# [Work instructions]
Filter the records below, keeping only lines with the string "sind".

=== Records for this exercise ===

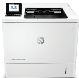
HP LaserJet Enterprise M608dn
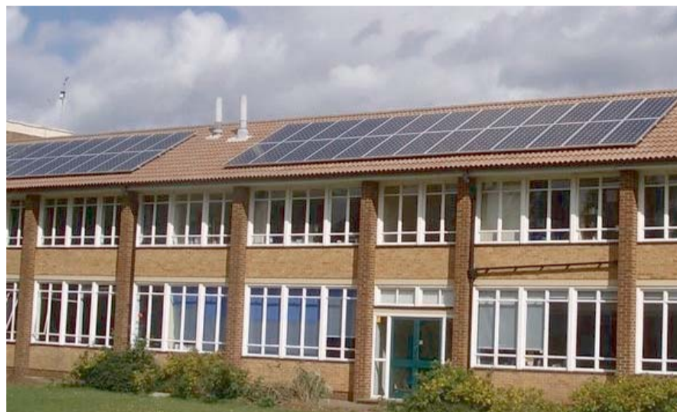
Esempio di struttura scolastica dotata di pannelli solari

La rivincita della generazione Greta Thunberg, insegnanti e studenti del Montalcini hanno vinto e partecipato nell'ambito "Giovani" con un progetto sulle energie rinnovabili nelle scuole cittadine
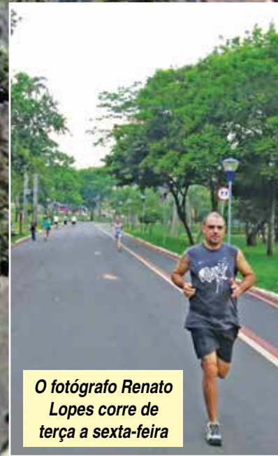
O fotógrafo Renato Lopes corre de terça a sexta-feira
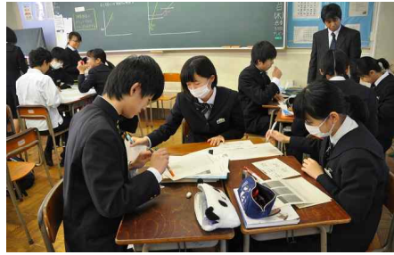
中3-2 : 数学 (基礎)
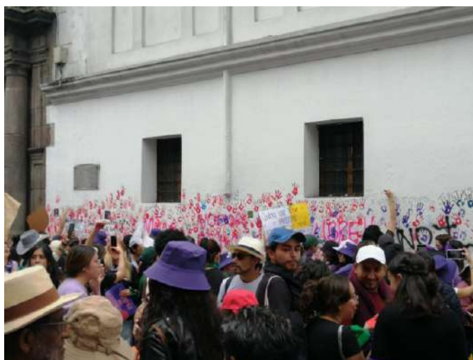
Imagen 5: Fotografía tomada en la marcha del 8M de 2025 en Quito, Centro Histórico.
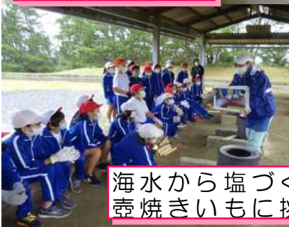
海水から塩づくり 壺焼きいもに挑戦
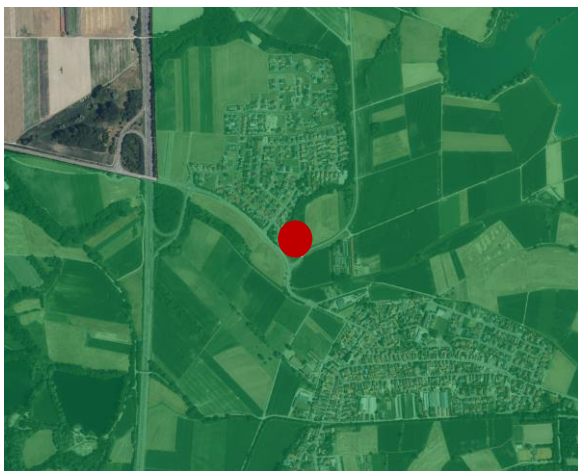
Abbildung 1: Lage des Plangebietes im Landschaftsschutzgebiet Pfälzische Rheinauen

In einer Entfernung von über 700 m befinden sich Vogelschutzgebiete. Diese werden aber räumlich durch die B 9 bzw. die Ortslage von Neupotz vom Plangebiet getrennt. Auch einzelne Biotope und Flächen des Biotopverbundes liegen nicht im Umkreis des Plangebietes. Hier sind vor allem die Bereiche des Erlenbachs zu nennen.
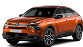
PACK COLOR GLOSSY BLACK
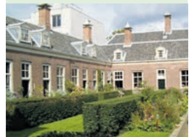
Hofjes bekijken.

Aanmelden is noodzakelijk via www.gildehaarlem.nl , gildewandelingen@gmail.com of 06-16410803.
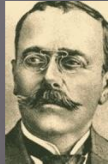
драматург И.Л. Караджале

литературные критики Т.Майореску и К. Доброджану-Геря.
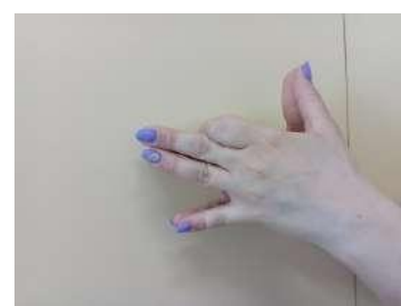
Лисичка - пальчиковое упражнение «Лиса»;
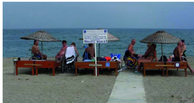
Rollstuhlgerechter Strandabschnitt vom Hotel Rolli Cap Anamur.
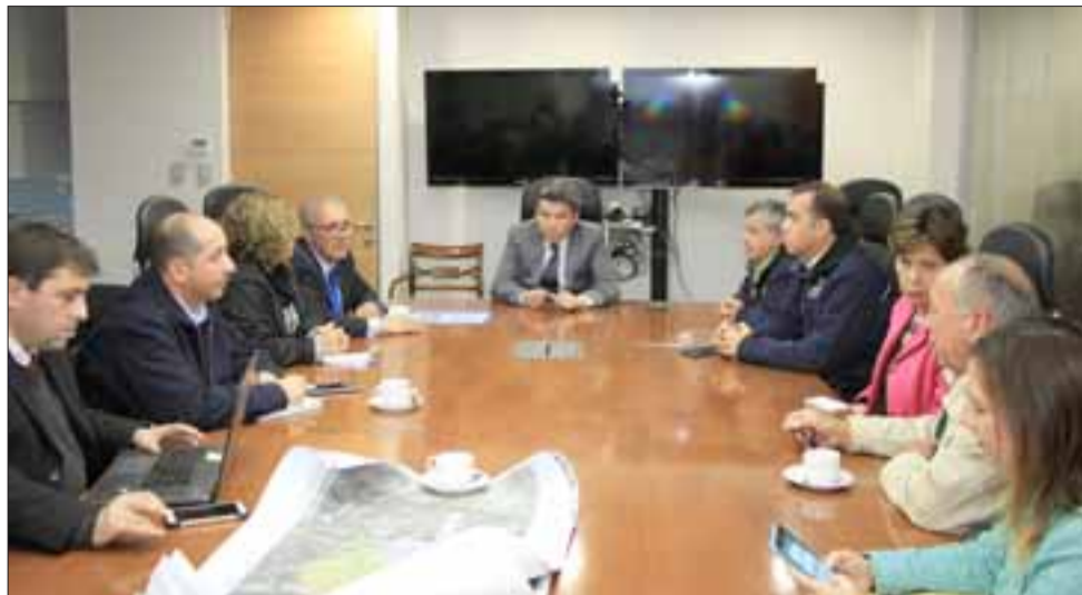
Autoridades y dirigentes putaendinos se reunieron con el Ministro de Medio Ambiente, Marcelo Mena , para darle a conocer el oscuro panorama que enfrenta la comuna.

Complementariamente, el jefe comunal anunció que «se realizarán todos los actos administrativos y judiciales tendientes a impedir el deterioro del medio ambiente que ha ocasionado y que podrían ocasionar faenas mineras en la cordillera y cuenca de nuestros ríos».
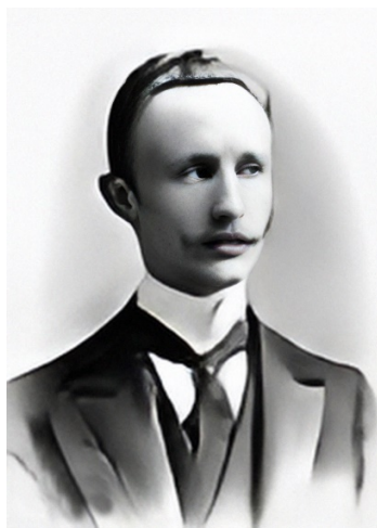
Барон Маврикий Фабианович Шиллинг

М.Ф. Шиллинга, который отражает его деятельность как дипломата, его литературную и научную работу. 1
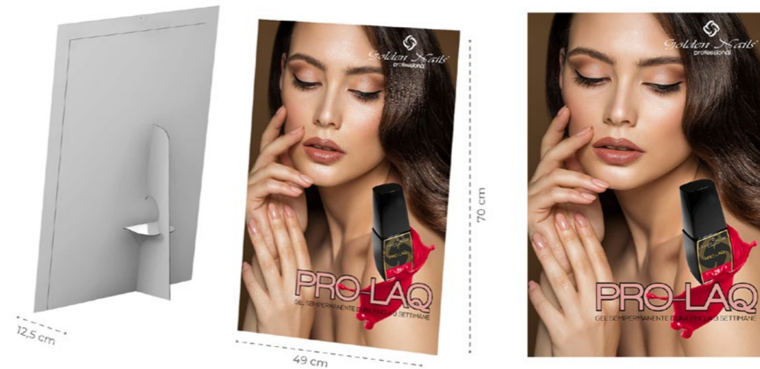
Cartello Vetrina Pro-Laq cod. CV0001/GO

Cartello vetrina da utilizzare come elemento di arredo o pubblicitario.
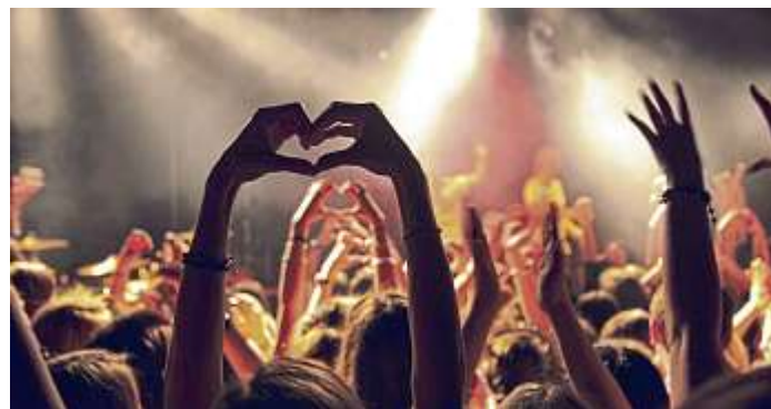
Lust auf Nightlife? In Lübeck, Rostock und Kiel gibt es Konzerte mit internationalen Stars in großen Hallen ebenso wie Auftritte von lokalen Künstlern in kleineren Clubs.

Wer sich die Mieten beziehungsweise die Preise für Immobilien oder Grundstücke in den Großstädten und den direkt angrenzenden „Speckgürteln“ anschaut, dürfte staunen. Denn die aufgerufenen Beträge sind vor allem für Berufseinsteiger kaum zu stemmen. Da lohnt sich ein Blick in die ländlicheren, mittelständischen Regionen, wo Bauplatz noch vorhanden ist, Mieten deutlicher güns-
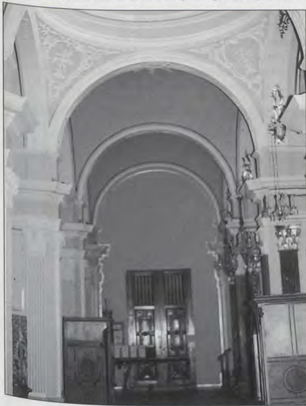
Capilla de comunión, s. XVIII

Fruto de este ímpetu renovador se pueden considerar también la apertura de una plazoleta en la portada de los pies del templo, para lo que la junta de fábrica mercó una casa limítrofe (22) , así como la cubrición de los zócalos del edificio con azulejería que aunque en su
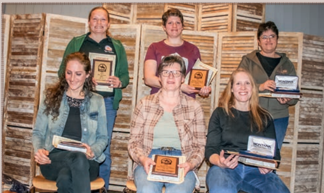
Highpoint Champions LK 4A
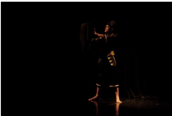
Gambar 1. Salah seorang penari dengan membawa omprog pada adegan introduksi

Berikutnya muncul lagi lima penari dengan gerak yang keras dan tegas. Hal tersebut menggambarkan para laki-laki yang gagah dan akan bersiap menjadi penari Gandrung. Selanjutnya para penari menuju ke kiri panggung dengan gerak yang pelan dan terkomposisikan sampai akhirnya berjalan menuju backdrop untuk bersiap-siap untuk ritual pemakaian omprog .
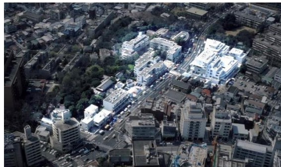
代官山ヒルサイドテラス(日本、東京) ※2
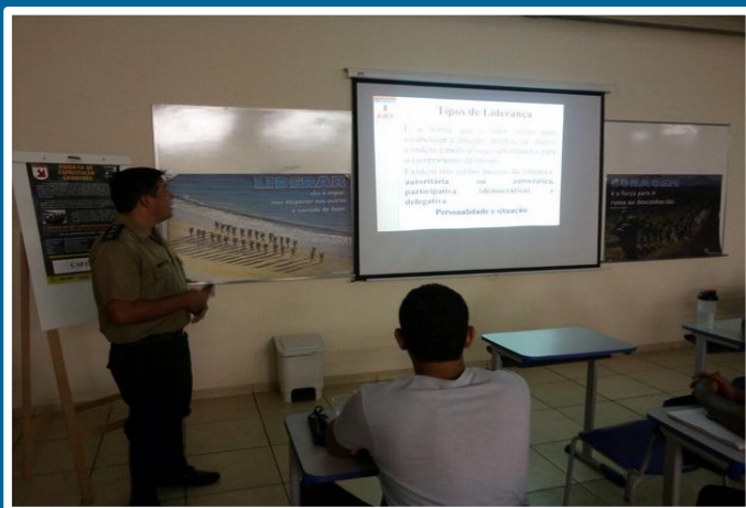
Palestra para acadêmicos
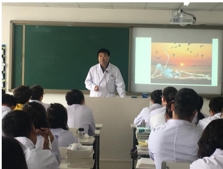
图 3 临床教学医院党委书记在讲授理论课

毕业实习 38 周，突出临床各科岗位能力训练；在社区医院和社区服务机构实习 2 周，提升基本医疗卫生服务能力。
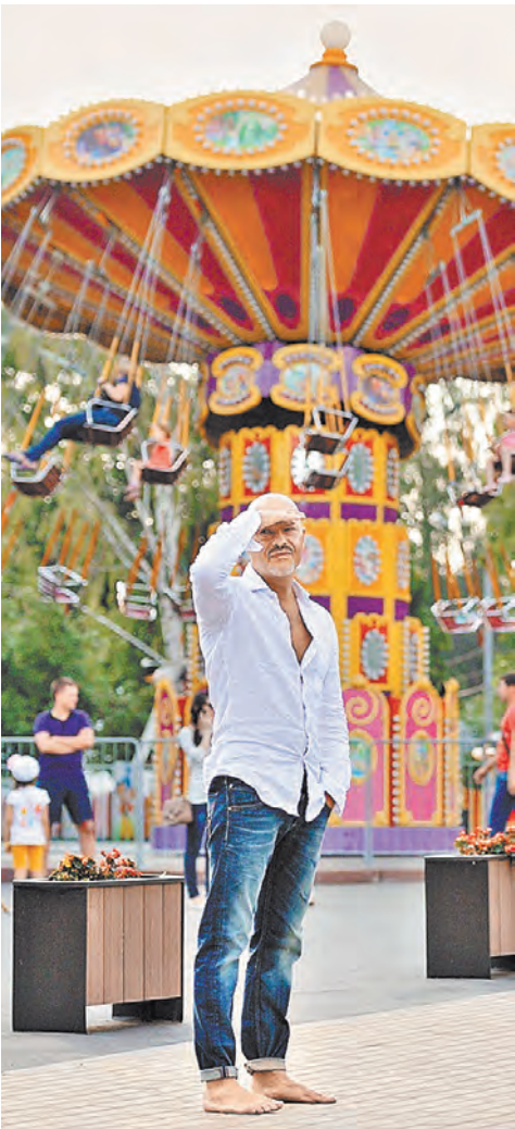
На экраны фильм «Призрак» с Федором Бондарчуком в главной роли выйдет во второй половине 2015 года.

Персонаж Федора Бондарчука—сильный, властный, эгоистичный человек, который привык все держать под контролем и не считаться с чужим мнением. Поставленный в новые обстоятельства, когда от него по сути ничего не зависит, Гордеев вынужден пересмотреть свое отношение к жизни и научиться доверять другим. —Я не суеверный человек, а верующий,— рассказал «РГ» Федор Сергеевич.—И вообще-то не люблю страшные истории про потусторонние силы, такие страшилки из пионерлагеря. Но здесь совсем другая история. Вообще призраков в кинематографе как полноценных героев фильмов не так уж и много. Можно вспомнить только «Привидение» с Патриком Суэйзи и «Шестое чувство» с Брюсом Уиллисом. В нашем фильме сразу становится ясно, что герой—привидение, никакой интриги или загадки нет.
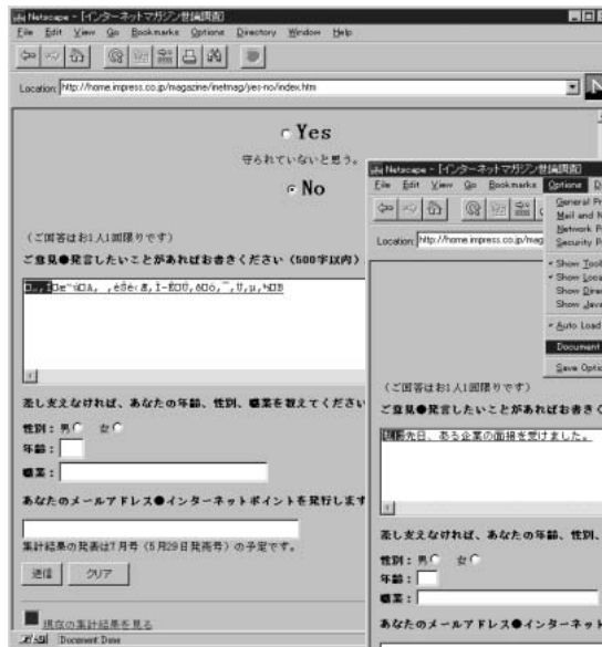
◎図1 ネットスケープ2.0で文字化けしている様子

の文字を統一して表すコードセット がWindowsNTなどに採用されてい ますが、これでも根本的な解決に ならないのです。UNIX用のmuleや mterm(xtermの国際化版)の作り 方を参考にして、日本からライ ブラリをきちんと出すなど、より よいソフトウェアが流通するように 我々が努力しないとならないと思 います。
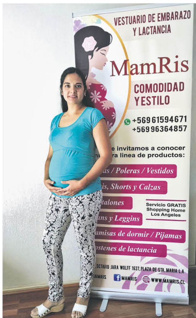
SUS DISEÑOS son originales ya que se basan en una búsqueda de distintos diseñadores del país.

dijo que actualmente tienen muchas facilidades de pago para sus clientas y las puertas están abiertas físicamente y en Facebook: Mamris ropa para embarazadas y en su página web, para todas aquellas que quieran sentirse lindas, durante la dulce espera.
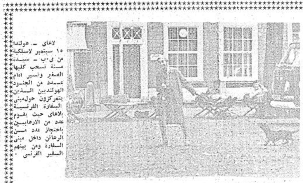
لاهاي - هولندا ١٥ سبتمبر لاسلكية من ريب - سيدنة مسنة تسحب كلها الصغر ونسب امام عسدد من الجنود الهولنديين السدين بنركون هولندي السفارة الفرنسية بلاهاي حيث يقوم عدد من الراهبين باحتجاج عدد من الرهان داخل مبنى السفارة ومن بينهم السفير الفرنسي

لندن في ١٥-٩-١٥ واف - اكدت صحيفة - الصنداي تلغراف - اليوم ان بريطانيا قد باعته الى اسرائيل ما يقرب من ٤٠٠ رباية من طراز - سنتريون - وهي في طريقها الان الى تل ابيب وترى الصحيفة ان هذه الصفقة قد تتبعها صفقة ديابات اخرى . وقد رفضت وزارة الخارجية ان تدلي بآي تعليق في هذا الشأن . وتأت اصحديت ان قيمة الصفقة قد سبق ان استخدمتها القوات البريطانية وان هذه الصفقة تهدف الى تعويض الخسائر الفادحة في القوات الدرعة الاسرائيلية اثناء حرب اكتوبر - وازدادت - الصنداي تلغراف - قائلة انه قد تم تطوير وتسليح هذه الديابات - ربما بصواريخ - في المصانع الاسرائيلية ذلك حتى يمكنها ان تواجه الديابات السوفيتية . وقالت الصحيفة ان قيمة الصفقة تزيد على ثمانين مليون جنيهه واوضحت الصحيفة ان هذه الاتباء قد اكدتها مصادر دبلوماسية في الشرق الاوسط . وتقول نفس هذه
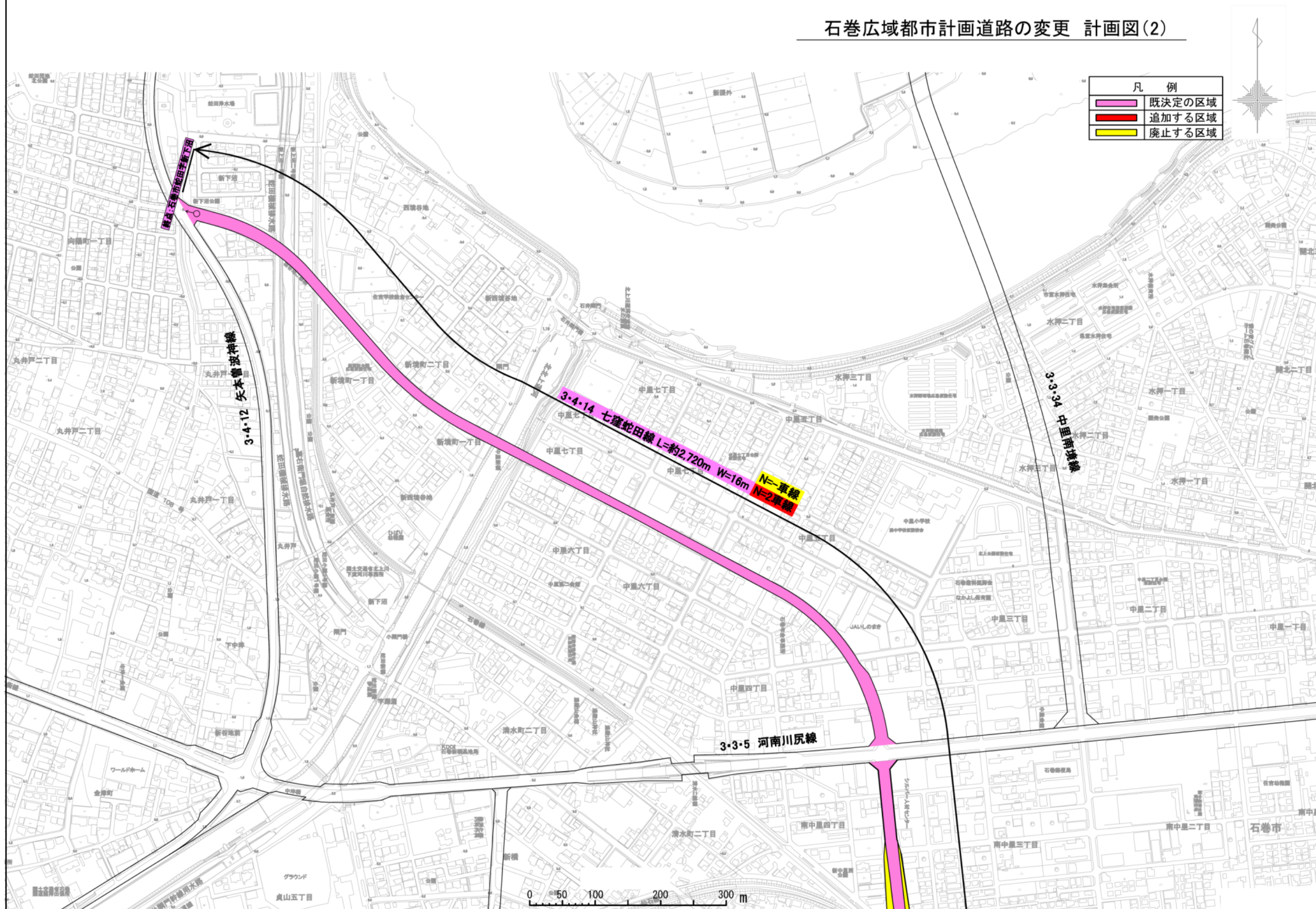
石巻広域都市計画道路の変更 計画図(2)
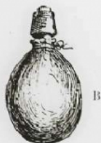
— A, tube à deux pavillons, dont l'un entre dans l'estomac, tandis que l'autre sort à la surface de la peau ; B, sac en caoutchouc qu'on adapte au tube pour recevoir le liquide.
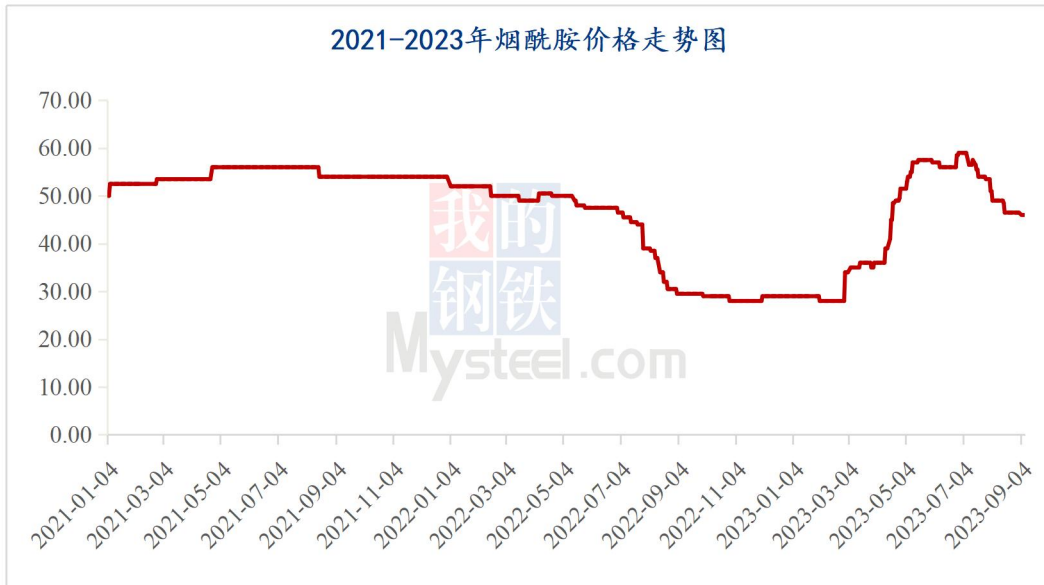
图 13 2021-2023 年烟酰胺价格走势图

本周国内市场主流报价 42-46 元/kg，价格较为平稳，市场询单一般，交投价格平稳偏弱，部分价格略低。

===

# [Finished exercise]
In einer Entfernung von über 700 m befinden sich Vogelschutzgebiete. Diese werden aber räumlich durch die B 9 bzw. die Ortslage von Neupotz vom Plangebiet getrennt. Auch einzelne Biotope und Flächen des Biotopverbundes liegen nicht im Umkreis des Plangebietes. Hier sind vor allem die Bereiche des Erlenbachs zu nennen.
Wer sich die Mieten beziehungsweise die Preise für Immobilien oder Grundstücke in den Großstädten und den direkt angrenzenden „Speckgürteln“ anschaut, dürfte staunen. Denn die aufgerufenen Beträge sind vor allem für Berufseinsteiger kaum zu stemmen. Da lohnt sich ein Blick in die ländlicheren, mittelständischen Regionen, wo Bauplatz noch vorhanden ist, Mieten deutlicher güns-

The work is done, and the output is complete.